Should we grind an entire economy to a halt over vague and ambiguous terms?

In that some people’s constitutional rights to peaceably assemble have been restricted or in some cases eliminated, and some businesses have been arbitrarily determined to be non-essential (and their income has stopped, and people might be bankrupted), this issue matters very much to the financial well-being of a great many people.

California Public Health Officials have Exceeded their Authority
Nothing can be found in California law that allows any local or state public health official to declare a statewide or county-wide quarantine. Absent a law which articulates that authority, it would seem the State and counties have exceeded their authority by ordering mandatory quarantine of all non-essential persons.

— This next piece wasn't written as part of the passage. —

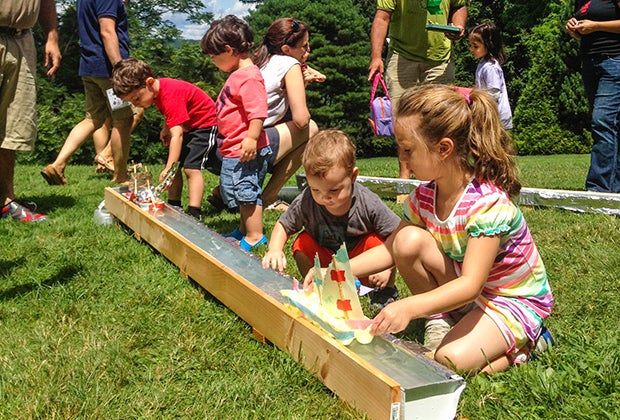 Kids float their handmade river rafts art project created during the weekly family art session. Photo by Joshua Bright/courtesy of Wave Hill.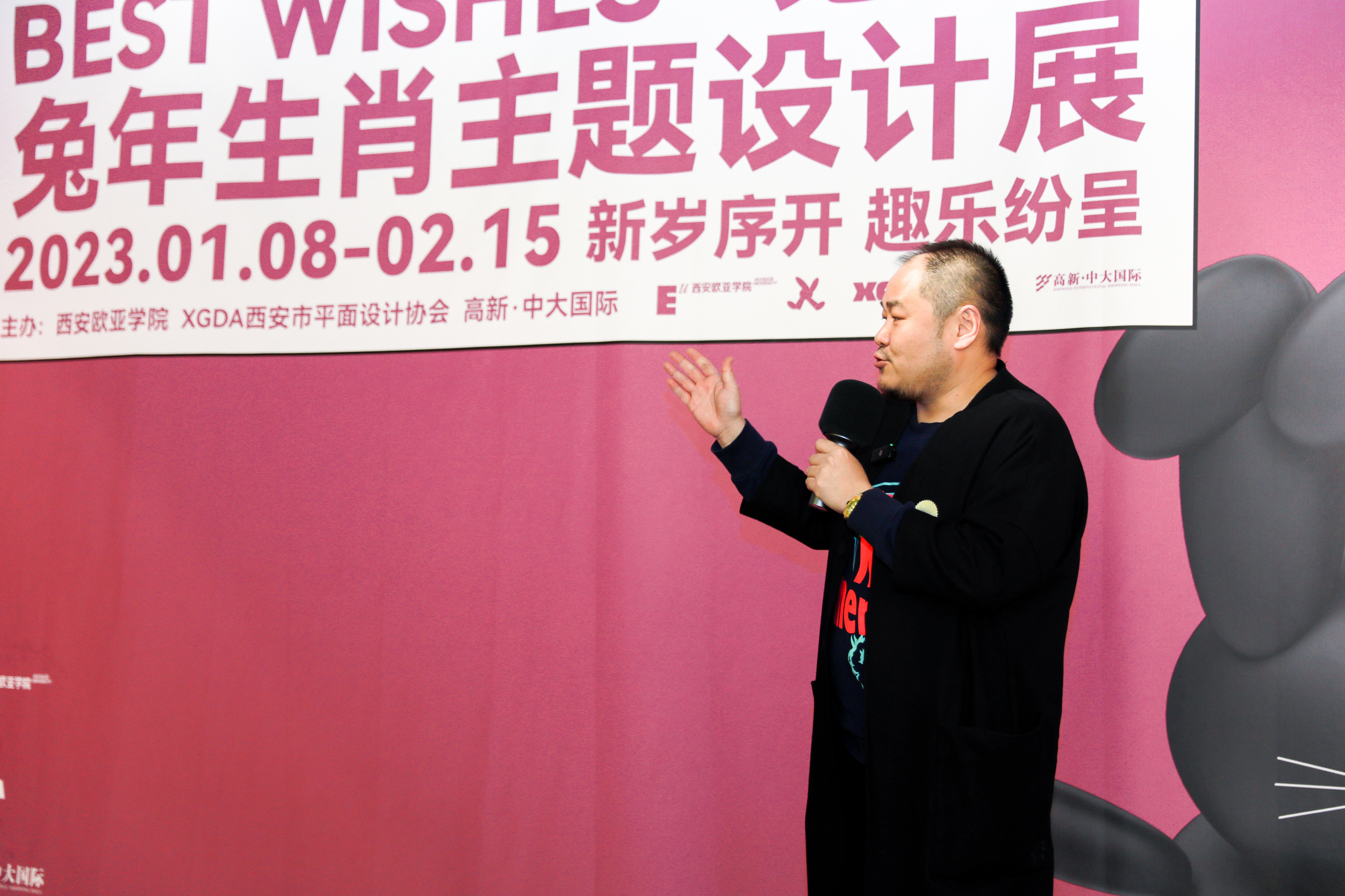 “艺术设计展览的精髓在‘精’,展出的作品要精彩,兔年展览凝结了兔年主题设计大赛中的精华作品,千余件作品经过多轮评选,最终筛选出27件优秀作品呈现在今天的展览中,是XGDA携手欧亚、高新中大国际的诚意之作。”西安市平面设计协会副主席姜延在发言中提到。

While public health officials do have limited authority to specifically quarantine actual infected persons and persons known to have come in contact with infected persons, nothing can be found in State law which authorizes the quarantine of any and all healthy people who have no known contact with an infected persons. (cf. Health & Safety Codes §§ 101029, 101030, 101040, 120175, 120180, and 120200)

In these statutes, the Legislature could have but chose not to grant carte blanc authority to impose an all encompassing quarantine. Instead, the Legislature narrowly focused upon only infected persons and those other persons known to have come in contact with those infected persons.

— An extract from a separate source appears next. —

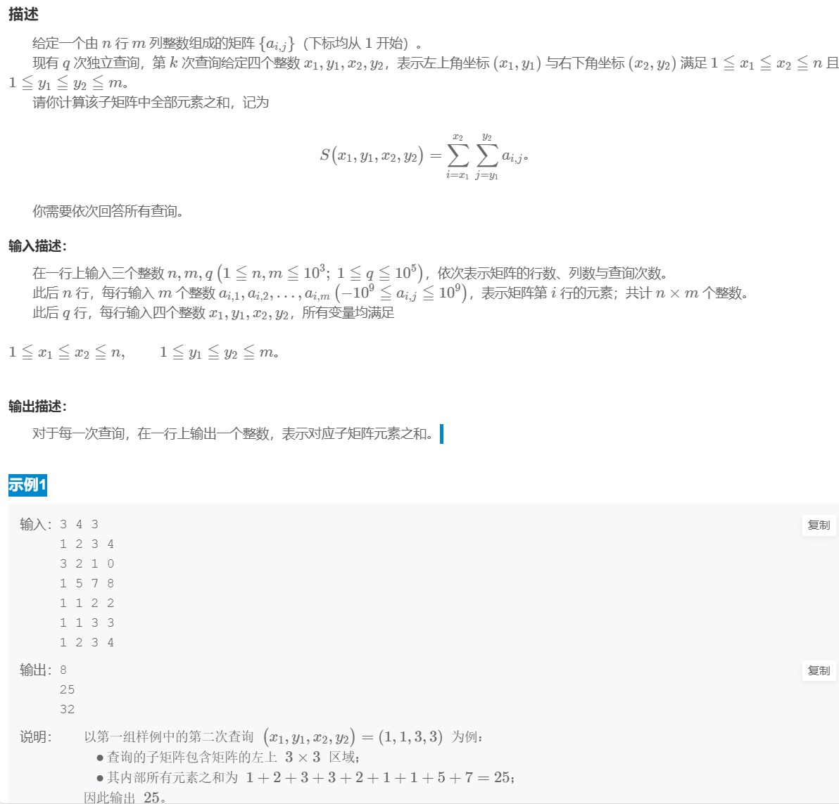 ① 暴力解法:询问 q 次,每次最坏遍历 mn 个元素求和。时间复杂度 O(qmn)。

Governor Newsom’s Timeline for Action
Our Governor knew, since January 3, 2020, the seriousness of the COVID-19 virus, and its exponential rate of infection throughout a population.   It was not until nearly 2 months later, on March 4, 2020, that the Governor took action.

During all that time — and while the Legislature was in active Session — hearings could have been held, definitions could have been created, and a comprehensive action plan could have been created which both called for escalated measures depending upon public health needs and we could all easily understand and follow.

State agencies could have replenished stocks of personal protective equipment (PPE), ventilators, and oxygen tanks. But they did not.

To date, there is still no comprehensive public safety or public health action plan, and we have a statewide piece-meal patchwork quilt of public policies which vary and have directly contributed to substantial civil unrest.

Our State and local elected officials have failed to follow the Due Process requirements incumbent upon them for all rule-making, by relying upon a vague and ambiguous undefined terms (including “essential”).  Now all persons are now expected to sink or swim based upon shoot-from-the-hip piecemeal policy making during press conferences by our Governor and other elected officials.

Does any of this mean you should ignore the Governor’s Executive order, or ignore any of the local governments orders to self-quarantine and isolate yourself from risk of infection by others? Of course not.

You are encouraged to think for yourself and take reasonable measures to ensure you stay healthy and you don’t increase the risk of spreading COVID-19.

Should your rights be observed, and should our elected officials act prudently to balance their public policies in thoughtful ways which effectively address whatever challenge we are facing? Yes. Always.